Was braucht es, um dieses Ziel zu erreichen?
Ideal wäre es, wenn wir in allen Versorgungssektoren und in Forschungsprojekten einen einheitlichen Identifikationscode für die untersuchten oder behandelten Personen verwenden könnten. Dieser müsste genügend sicher und verschlüsselt sein. Zudem wäre es sinnvoll, wenn auf der Ebene der Einzelpersonen ein zentraler Zusammenzug der Abrechnungsdaten der obligatorischen Krankenversicherung für Aufsichtsaufgaben des Bundes sowie auch – geeignet anonymisiert – für Forschende konstruiert und zur Verfügung stehen würde. Meines Wissens stellt das Bundesgesetz über die Krankenversicherung (KVG) bereits heute die nötigen rechtlichen Grundlagen dafür bereit. Es gibt jedoch Widerstände von Seiten der Krankenkassen und der Leistungserbringer gegenüber einem Datenzusammenzug über alle Krankenkassen hinweg.
Wie steht es mit dem Thema Datenschutz?
Gesundheitsdaten sind besonders schützenswert. Es besteht aber auch ein öffentliches Interesse daran, durch eine geeignete Nutzung der routinemässig erhobenen Daten die Transparenz und die Qualität der Gesundheitsversorgung zu verbessern. Der rechtliche Rahmen muss daher so gesetzt werden, dass sowohl eine bessere Nutzung als auch ein guter Datenschutz gewährleistet sind. Dazu braucht es vermutlich neue rechtliche Regelungen auf Gesetzes- oder Verordnungsstufe, damit die richtige Balance zwischen Nutzen und berechtigtem Datenschutz gefunden werden kann. Allenfalls braucht es auch neue nationale Institutionen wie spezialisierte Zentren zur Datenaufbereitung und Datenverknüpfung, die unter speziellen Verfahrensregeln und unter Aufsicht der Bundesbehörden ihre Tätigkeiten ausführen, etwa um dann geeignet anonymisierte Daten den Forschenden oder den Aufsichtsbehörden zur Verfügung zu stellen.
Welches ist der Beitrag des NFP 74 für bessere Daten respektive eine bessere Datennutzung?
In einigen vom NFP 74 unterstützten Projekten wurden erstmals gewisse Zusammenführungen von Daten initiiert, die es so noch nicht gegeben hat.
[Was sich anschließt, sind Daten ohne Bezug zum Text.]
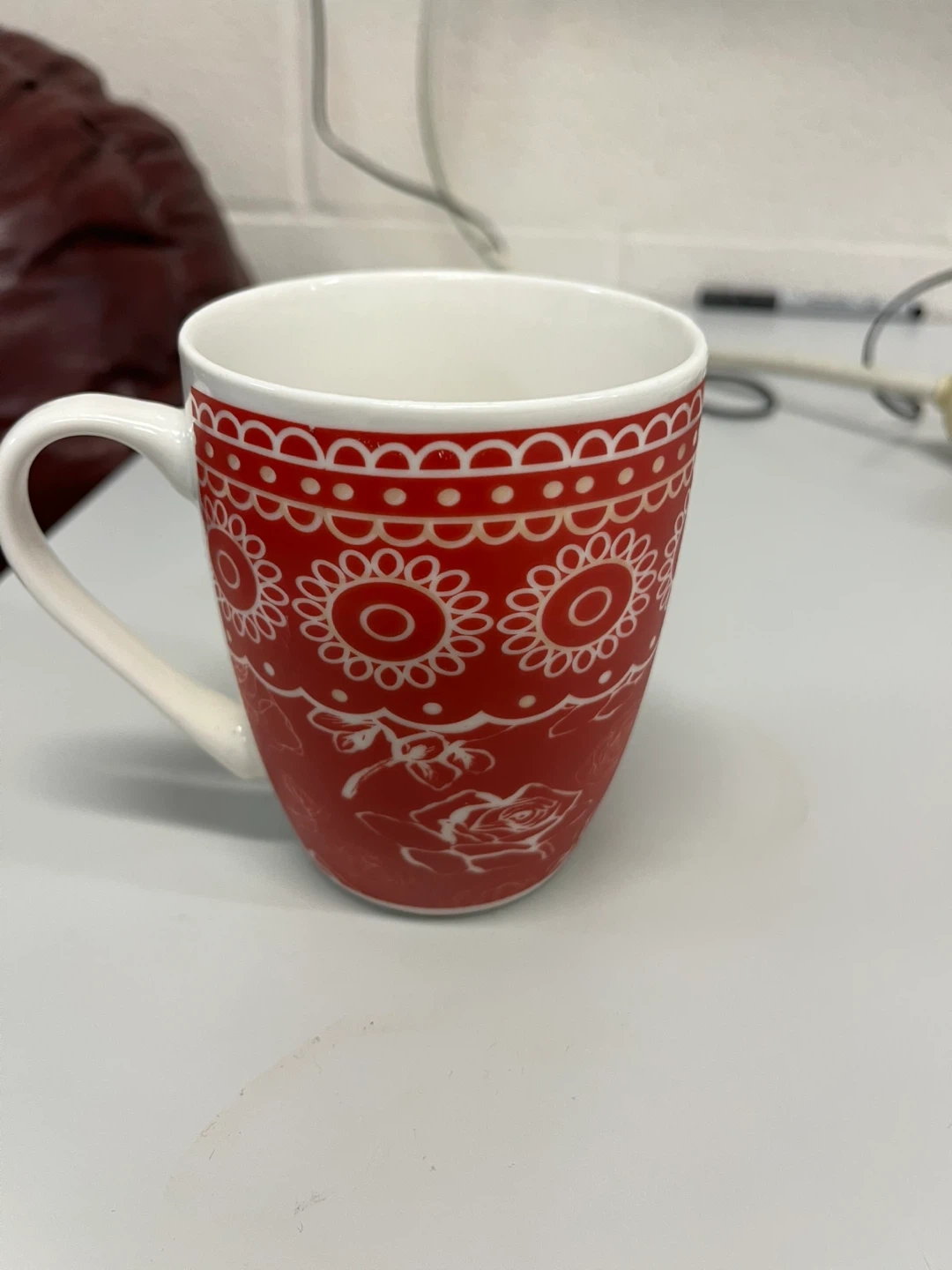 Selling a cute mug with a red and white floral pattern! It's in great condition and ready for a new home. Perfect for your morning coffee or tea!
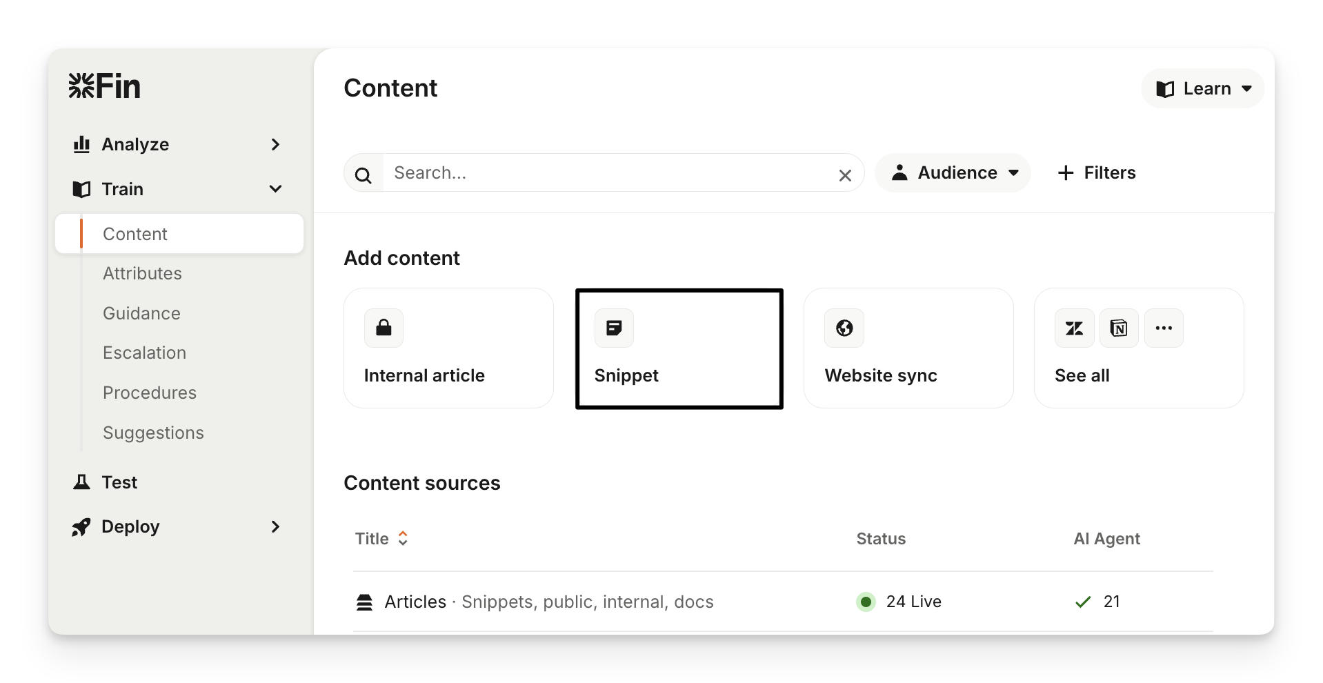 Then go to Train > Content and click on Articles (Snippets, public articles, internal, docs) under the "Content sources" section, then open the snippet.
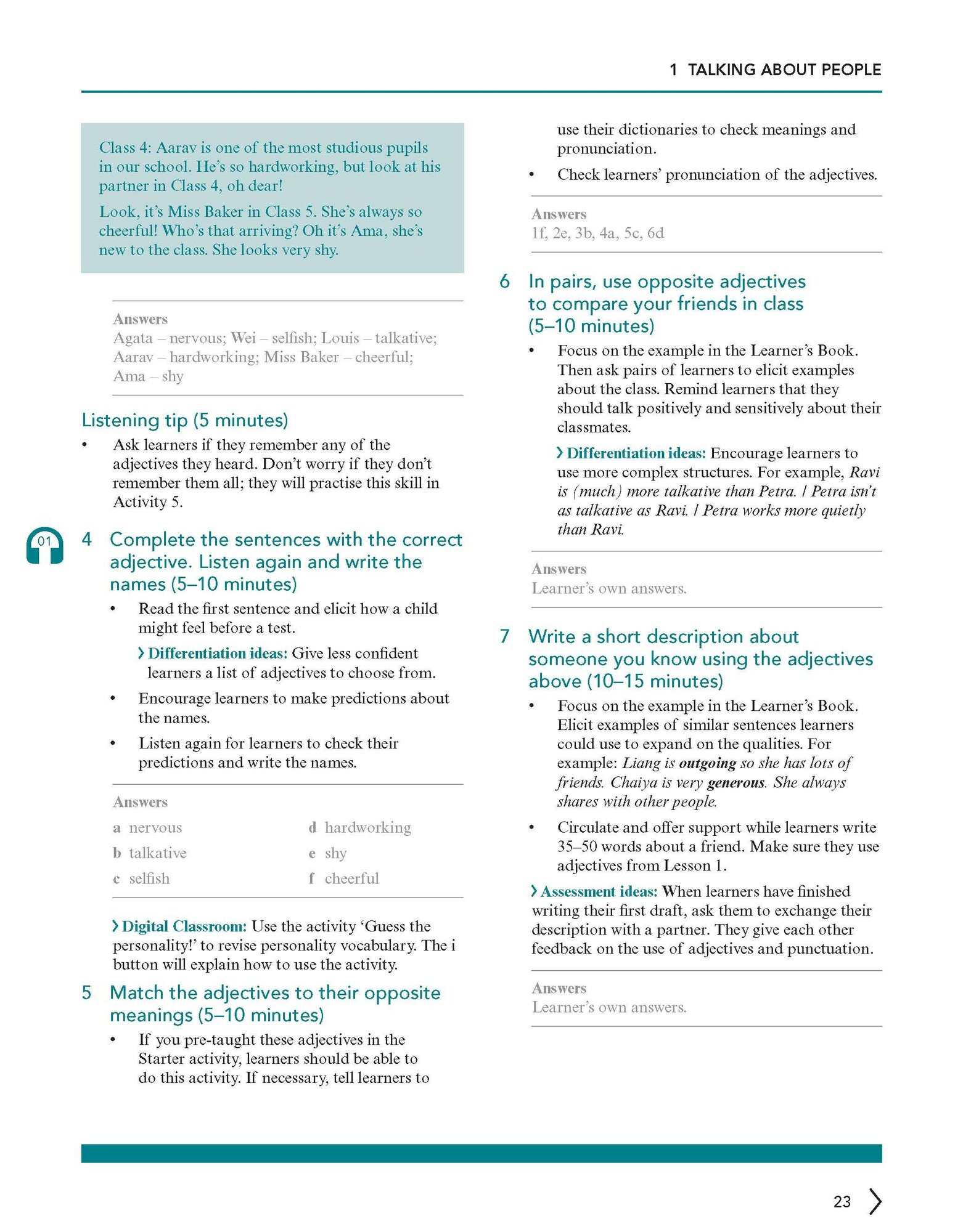 With everything you need to plan and run your lessons, this teacher’s resource helps you get the most out of the series. You’ll find starter activities and additional lesson ideas not included in the student’s books, as well as answers for all activities. There are clearly identified assessment and differentiation ideas to help you meet all your learners’ needs. Includes access to photocopiable games and activities for additional differentiation and further language development in the accompanying digital resource. Every unit includes a test to help you understand where your learners are on their journey.
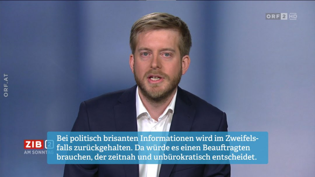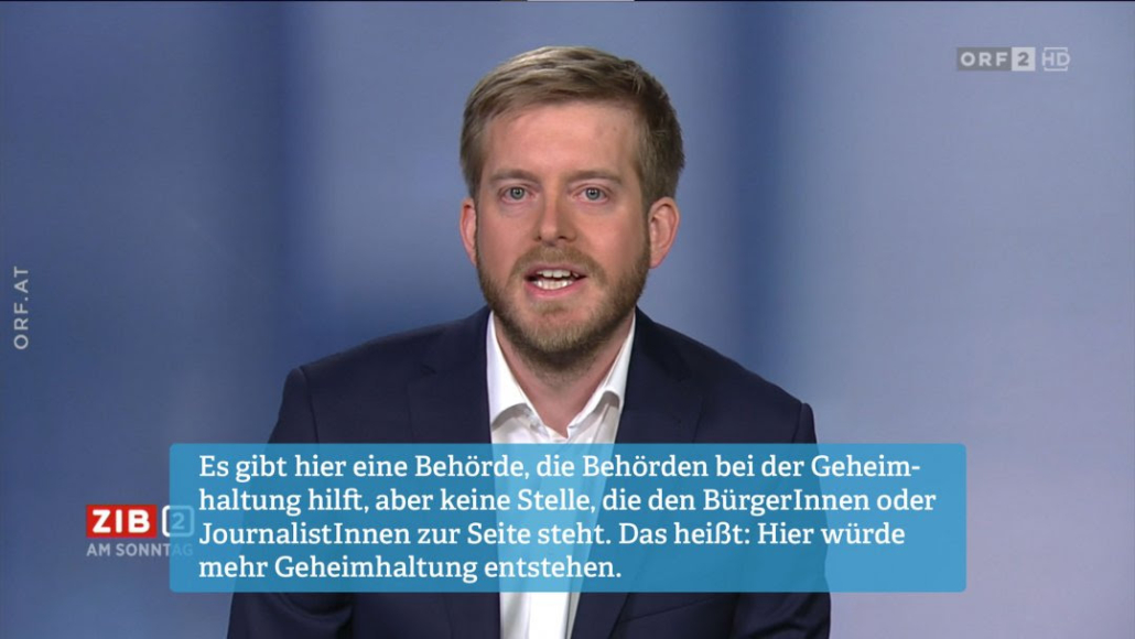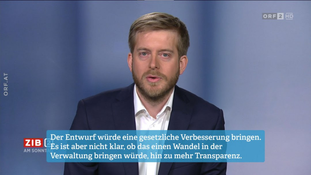 Vergangene Woche ist der Entwurf für ein Informationsfreiheitsgesetz in Begutachtung gegangen. Am Sonntag war unser Vorstand Mathias Huter dazu in der “Zeit im Bild 2” bei Martin Thür.
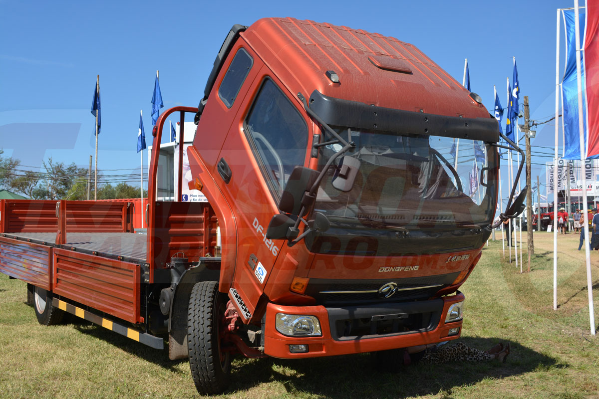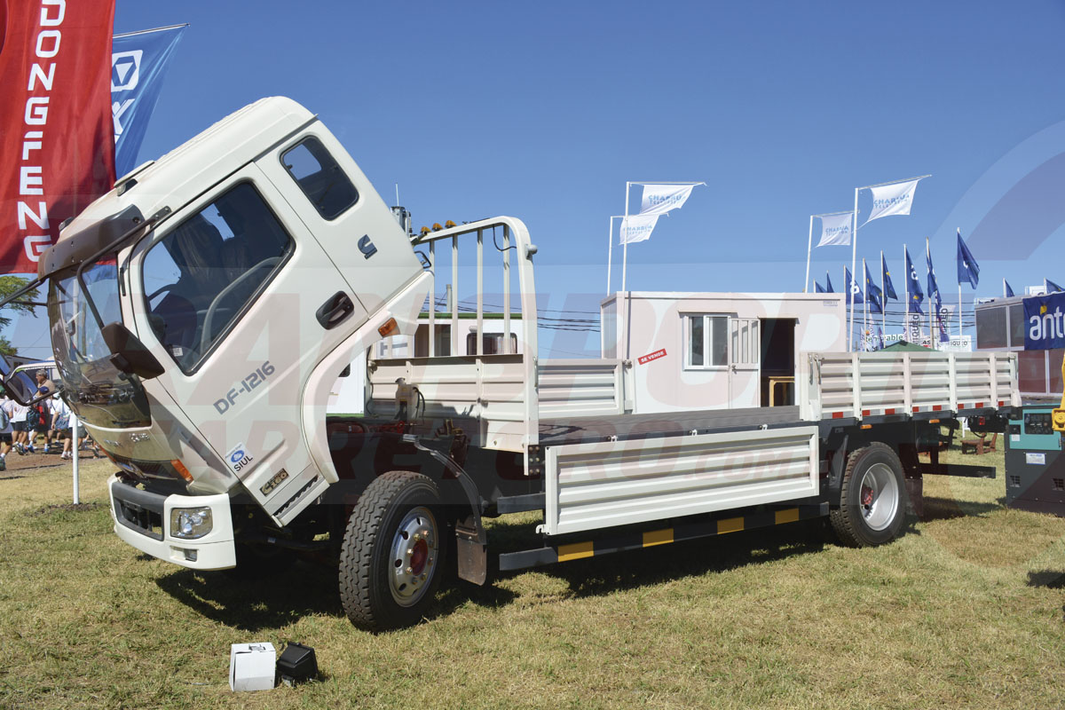Comenzando a recorrer el stand nos encontramos con el modelo DF 1216 con caja de barandas rebatibles de origen que viene equipado con motor Cummins de 4 cilindros, 3.9 litros, sistema de inyección electrónica con bomba de alta presión y common rail. Cuenta también con toma de fuerza y una capacidad de carga con la caja de 7670 kilos. En cuanto a las dimensiones, el largo total es de 8.400mm, la distancia entre ejes es 4.700 mm, el ancho de la cabina es (s/espejos) de 2.180mm y la altura 2.600mm.

Besonders innovativ ist etwa das Projekt von Dr. Lucy Bayer-Oglesby, in welchem Daten der Volkszählung mit Daten über die Spitalaufenthalte und des Sterberegisters anonym verknüpft werden sollen. Das Bundesamt für Statistik hat für dieses Projekt Abklärungen beim Bundesamt für Justiz veranlassen müssen, um zu klären, ob diese anonymen Verknüpfungsschritte erlaubt sind. Erfreulicherweise wurde für diesen Präzedenzfall grünes Licht gegeben. Dieses Projekt wird somit aufzeigen, ob sowohl die rechtlichen als auch die technischen Hürden erfolgreich gemeistert werden können. Auch andere Projekte des NFP 74 haben Aspekte, bei welchen in Bezug auf die Datennutzung Neuland betreten wird. Damit werden die Vorgehensschritte für zukünftige Projekte, die ähnliche Datenquellen nutzen wollen, geklärt und vorbereitet.